Da alcuni anni a questa parte, la Spagna si sta dimostrando un territorio decisamente fertile per la nascita di molti gruppi che suonano heavy metal e hard rock. E così ecco arrivare sotto l’ala protettrice della Frontiers, i Circus che sfornano un dischetto piuttosto interessante e di “freschi” contenuti. Il trio spagnolo si muove attraverso sonorità di chiara matrice hard rock e lo fa attraverso dodici canzoni decisamente interessanti e trascinanti che ahimé hanno soltanto una pecca, quella di essere cantate in spagnolo, ma questa è solo una mia considerazione personale dato che non amo questa lingua. Sorvolando questo piccolo particolare, che non toglie assolutamente nulla al disco, i Circus si dimostrano musicisti preparati e ci regalano un debut ricco di melodia.
Buona la prova tecnica da parte di Pablo Giaretta (voce, chitarra e piano) che nonostante non raggiunga mai note altissime si dimostra un cantante piuttosto interessante e carico di pathos e allo stesso tempo un chitarrista e pianista davvero ispirato e preparato. Le canzoni che i tre spagnoli propongono tuttavia dopo alcuni ascolti, si dimostrano essere quasi tutte ripetitive e uguali. Certo, all’interno di questo disco ci sono episodi davvero molto interessanti come l’opener “Otra Voz” e il singolo “Claudia” che si dimostrano canzoni trascinanti e molto belle nonostante la loro struttura sia molto semplice; nota di merito va a “Tu esclave” forse il pezzo più bello e trascinante dell’intero album che si snoda attraverso ritmiche veloci e riff particolarmente rocciosi ed aggressivi.

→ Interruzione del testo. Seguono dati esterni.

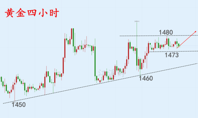 综合四小时图,在中期看涨的同时,我们需要堤防短线调整后再涨这种走势;日线连续收星线,并且受阻趋势压力1480/2之下。如若不能上破1480/2区域压制,并下破1470-65,行情将二次探底,即:向下测试1445以及日线通道1440/35区域支撑。因此,操作上以1470以及1465为防守做多,目标1480/2突破看涨1487-90以及冲击千五;如行情跌落1465则短线多转空,做空看跌1460破位至1450区域全部平仓;然后等一轮格局出现看1445抄底及上1480以及千五以上!
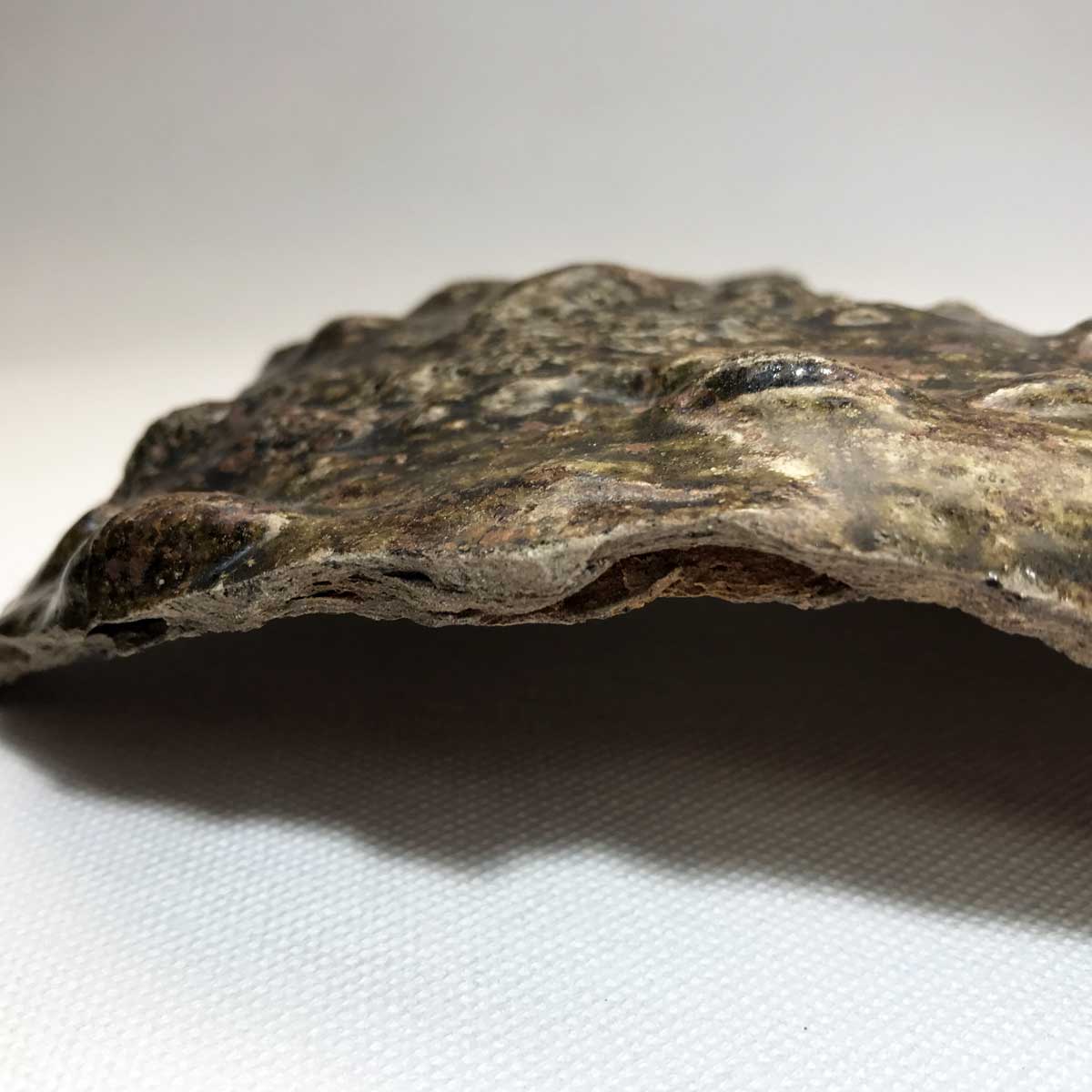 ※その訳、その蓄積物は粘性が強く成形するときに薄く仕上げるのに最適、または有機物が焼成の時に塩基成分が発散し土を焼き締める要因になります。古唐津の陶片で確認すると、断面を見るかぎり二種類の土の層が見えること。温度が上がって焼成された器物を見ると煎餅みたいに所々にブク(塩基成分が発するガスによる)が生じていることなどです。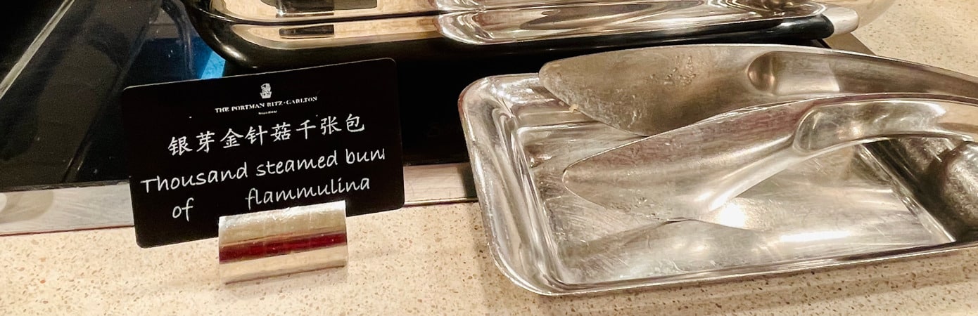 Das Portman Ritz-Carlton verwendet individuell gestaltete Etiketten, um die Speisen in seinem Restaurant Portman und in der Executive Lounge, die beide Buffets anbieten, zu präsentieren. Die Etiketten enthalten individuell gestaltete und gedruckte Karten, auf denen die Preise für Mahlzeiten und Artikel, die in der Ritz Bar & Lounge, in den Teestuben und Souvenirläden verkauft werden, angegeben sind.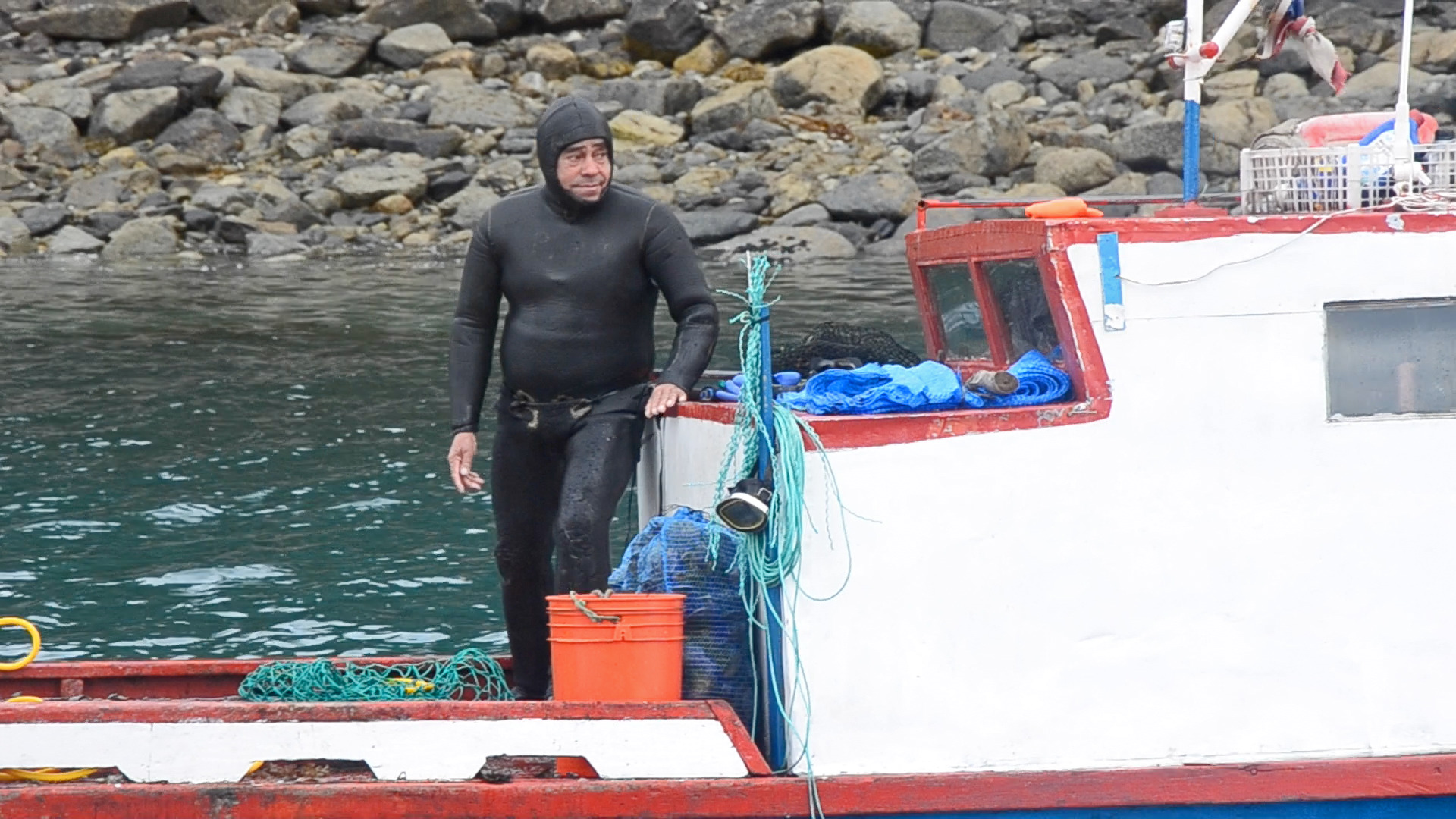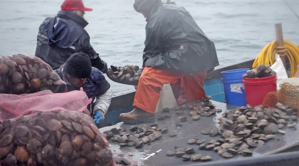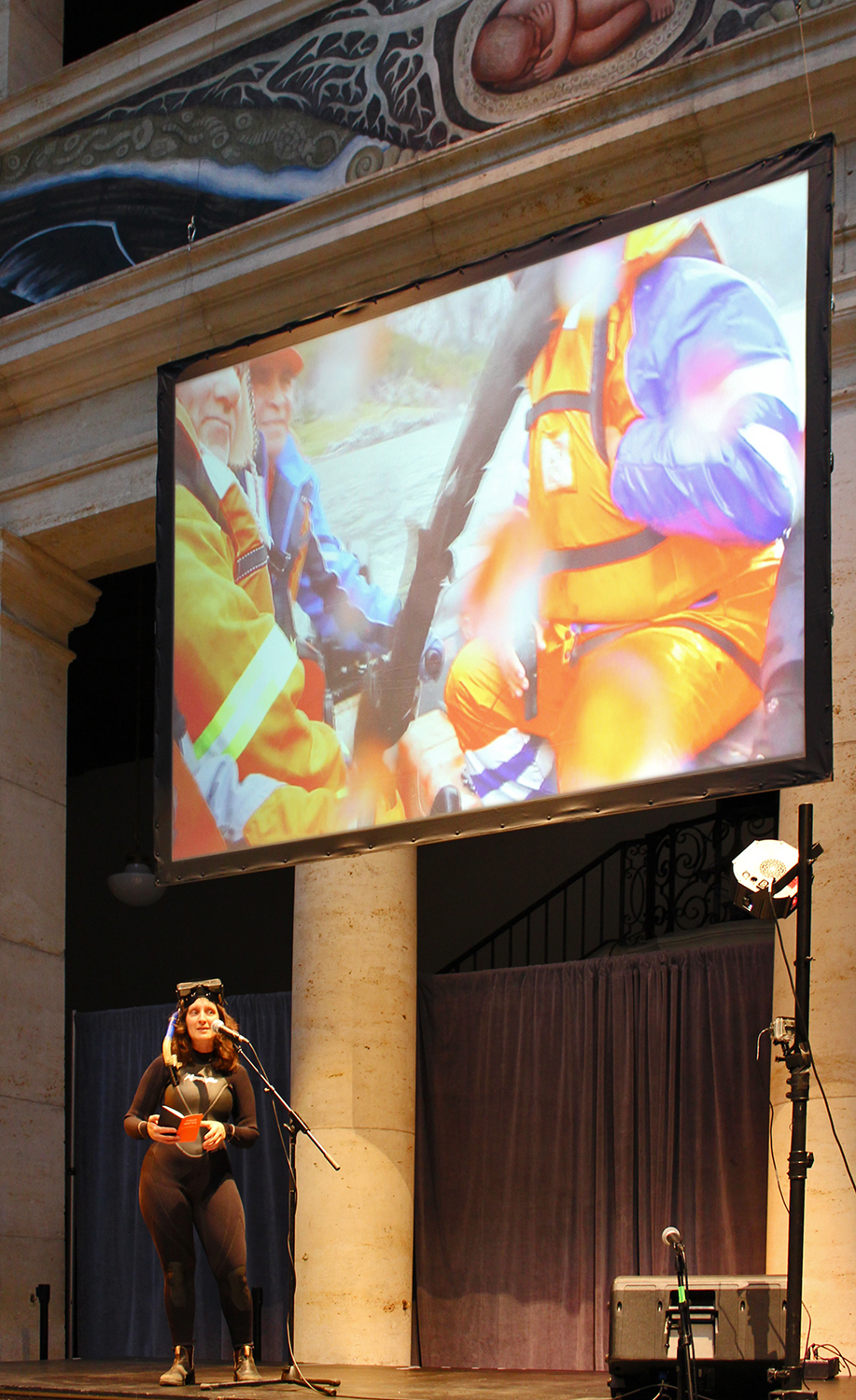 We find ourselves inside an artisanal fishing boat during a storm, its creaking and rocking provides the rhythm for a song; the audience joins in. We are under water with a whale. The whale whispers, we learn its song. We are underwater collecting shellfish; we sing the forgotten song of the west wind. The lecture begins as a conventional artist’s talk, but as the camera dives below water the tone changes—the audience and the artist are immersed in the world of the fjord and must come to terms with its inhabitants, past and present.

È poi l’ora dei lenti, e i Circus ci propongono “Mientras me armo de valor” e “No soy yo” la prima scorre via senza lasciare il segno, mentre la seconda si dimostra una delicata ballad dall’andamento malinconico e romantico. “Circus”, “Sonnambulo”, “Heroes” sono tracks estremamente veloci che si muovono sempre sugli stessi canoni delle precedenti canzoni.

Insomma, un discreto debutto, i Circus ci propongono quello che meglio sanno suonare, ma come già detto prima questo dischetto dopo l’entusiasmo iniziale passa via senza troppi problemi e non lascia il segno, complice anche una certa ripetitività nella struttura dei pezzi. Essendo un debut, aspettiamo con fiducia il prossimo album e vediamo se i Circus saranno in grado di migliorare o no il proprio modo di scrivere canzoni.